Council tax rebate for using recycling bins.

I only say that because I can't think of any way of harvesting the green energy that would be generated by beating the living crap out of Jeremy Clarkson. Maybe by smashing his face in with a hand-rotated electromagnet inside a huge roll of copper wire?

kleinstein said...

astro-turf lawnmower 10:48 PM

For fuck's sake don't start a stats argument again! The last one did my head in! It just got WAY out of hand!

interesting point for a pathetic four-eyed git said...

its not as mad as it sounds said... 7:58am

And so what bracket would Gordo come in then?

summary of bodycounts said...

grotweiler 11:20am

Bring back capital punishment and extend its application to every crime (e.g. riding a bike without lights). The exceptions being murder and terrorism: murderers should be awarded £1000 from public funds, while terrorism should be part of the national curriculum.

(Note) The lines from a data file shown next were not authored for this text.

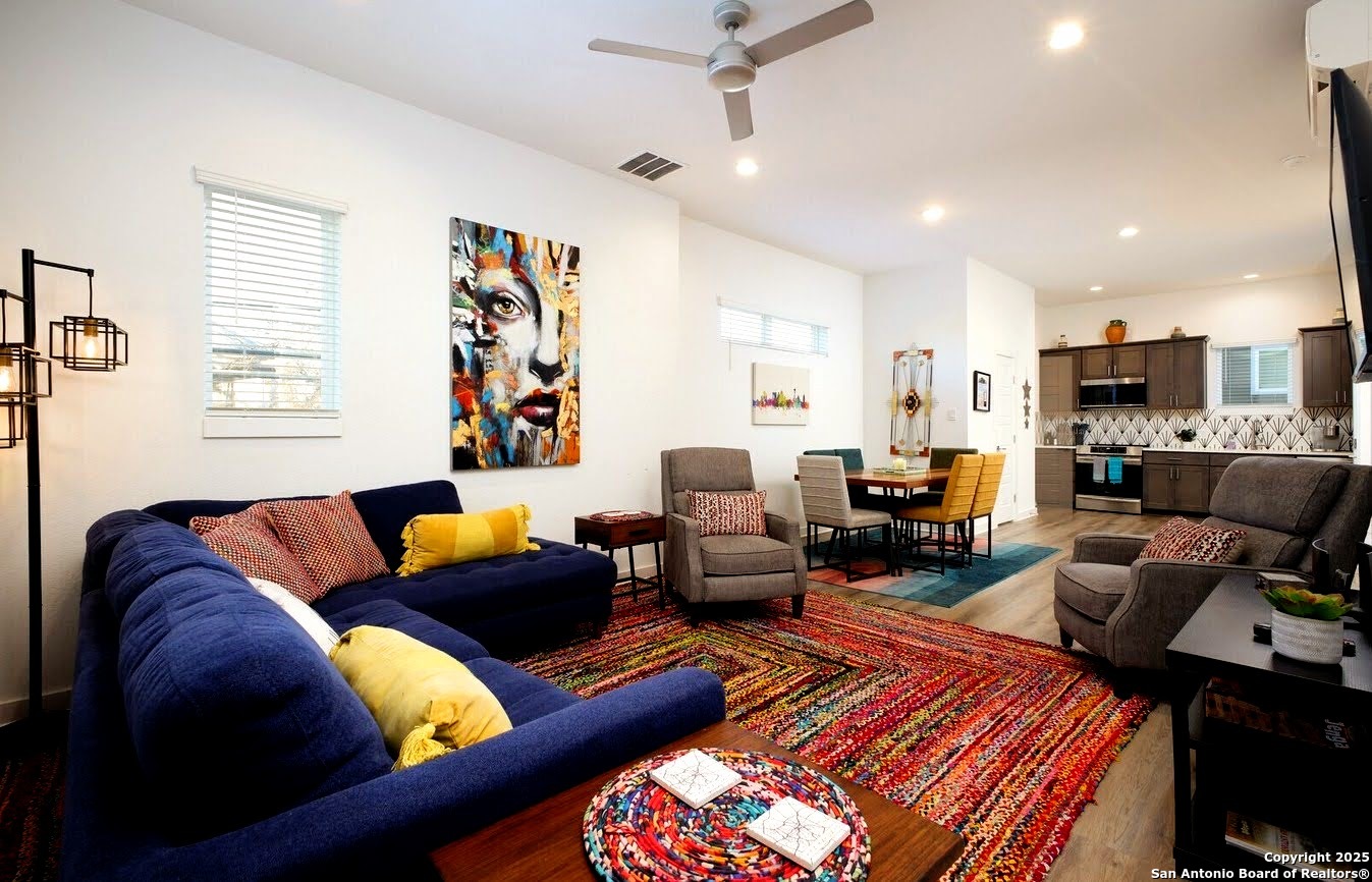 Available January 2026! Fully furnished 3 bed, 3.5 bath Tri-level Condo, individually situated in the community unattached to other units, located in very close proximity to San Antonio's most historical spots which includes the River Walk, The Alamo, and The Pearl Brewery! Enjoy the modern style of comfortable furnishings creating a relaxing retreat for even the busiest lifestyles. Every bedroom has its own full bathroom, a sectional size sofa with hide-a-way bed in the living area, a formal dining table seating up to six people for meal times, a fully furnished open kitchen with walk-in pantry for quick or elaborate meal preparations, half bath on second level, one bedroom on first level (equipped with a desk) and two bedrooms on third level, a stacked, front load washer & dryer, one car attached garage with storage, security system, and high speed internet access. Pet Friendly with approval (Pet screening required). The community has a dog park as well as Crockett Park being one block away. Even when you choose to drive instead of walk you are conveniently located near IH 35 & IH 10 with short distances to HWY 281 and Hwy 37. Notably nearby are downtown hospitals, shopping, universities, Air Force & Army bases, and the San Antonio Airport. Schedule a showing today!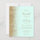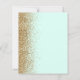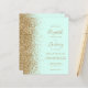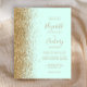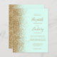 The left-hand edge of this elegant modern wedding invitation features a gold faux glitter border. The customizable text combines gold-coloured handwriting, copperplate and italic fonts on a pastel mint green background. The reverse side features a matching mint green and gold glitter design.
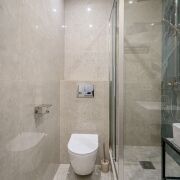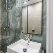 • Санузел отделан испанским керамогранитом — долговечные и качественные материалы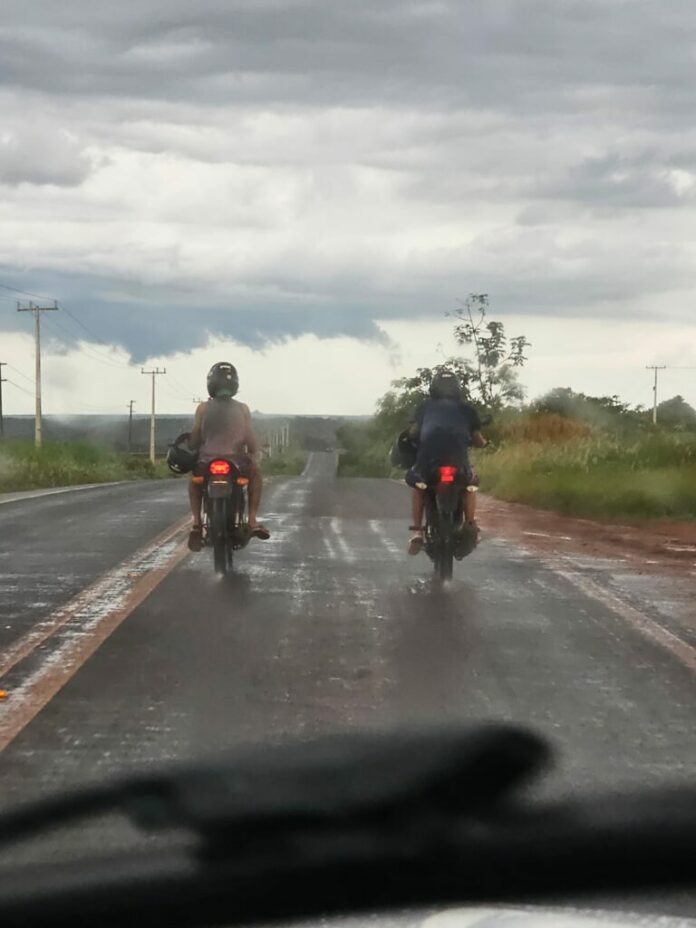 Ao abordar e dar a ordem de parada, um dos motoqueiros empreendeu fuga, e abandonou a moto que conduzia a cerca de 700 metros, correndo a pé para uma mata fechada, não sendo possível localizar o mesmo, já o outro condutor, foi abordado pela PM e foi realizado a checagem pessoal, sendo possível identificar que um dos veículos era proveniente de furto, sendo uma Honda cor Roxa.

Ban safety belts. Abolish tax on tobacco. Scrap the Health 'n' Safety Executive. Compost Patricia Hewitt. Abolish the National Health Service (which is anyway not national in its scope, presides over declining health, and provides fuck-all service). Sterilize everybody. Etc., etc. And all because:

THERE ARE TOO MANY HUMANS.

That means you!


Your degree of humanitarianism is perfectly admirable, grotweiler, old chap! But fiscal calculations dear boy! Have you done your sums on this one?

top gear said...

mikey said...4:37pm

"I only say that because I can't think of any way of harvesting the green energy that would be generated by beating the living crap out of Jeremy Clarkson. Maybe by smashing his face in with a hand-rotated electromagnet inside a huge roll of copper wire?"

No, nice idea Mikey - but far too complicated to implement successfully. Run with charcoal 6:49pm's idea - let the polar bear eat him and collect the shit-rich JC-dung for use as slow-burning fuel-bricks in Eskimo stoves.

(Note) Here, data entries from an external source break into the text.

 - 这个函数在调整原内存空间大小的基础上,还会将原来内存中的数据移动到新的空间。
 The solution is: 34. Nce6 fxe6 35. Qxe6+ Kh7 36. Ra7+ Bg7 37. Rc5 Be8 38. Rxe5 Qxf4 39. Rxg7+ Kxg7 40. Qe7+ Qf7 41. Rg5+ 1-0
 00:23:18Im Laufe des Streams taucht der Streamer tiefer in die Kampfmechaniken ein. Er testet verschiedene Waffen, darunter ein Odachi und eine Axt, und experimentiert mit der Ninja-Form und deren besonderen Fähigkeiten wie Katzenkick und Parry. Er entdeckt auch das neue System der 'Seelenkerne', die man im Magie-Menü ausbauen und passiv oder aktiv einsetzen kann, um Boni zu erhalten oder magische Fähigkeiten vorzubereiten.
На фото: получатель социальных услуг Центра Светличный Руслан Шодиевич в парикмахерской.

green is the new bollox said...

the consensus here seems to be that government is environmentally unfriendly...

fulhead said...

Easy. Give a green tx cut to familys that stay together. Stoney silences will save energy and the heat generated from occasional bursts of shouting will remove the need for central heating.

Simple

Anonymous said...

If we could get rid of Cameron, that'd be quite a bit of hot air we could save.

(I see he's noticed today that there are actual immigrants causing this immigration thingy we've been starting to notice just recently. What a brilliant chap he is.)

Anonymous said...

halve HGV tax for those who do the following. Only use the main roads between 11pm and 6am.

subsidise companies to produce recycled oil for commercial and private vehicles with diesel engines. only tax 10p per liter

rory said...

tax cuts on smaller bikinis. less material, less co2.!

not that it'd make a difference but bikinis are great to look at...

Anonymous said...

Give tax cuts to people who fart into carbon capture devices.

you take my breath away said...

rory 9:30am

Great thinking! And tax relief for women with big knockers coz when you stand there gaping at them open-mouthed with your tongue hanging out you're physically frozen for a few moments and not exhaling any CO2 at all!

Anonymous said...

Trevor Ivory Con N Norfolk discovered that white pixels screen bloggs use more CO2. Guido, you need to blog with a darker background.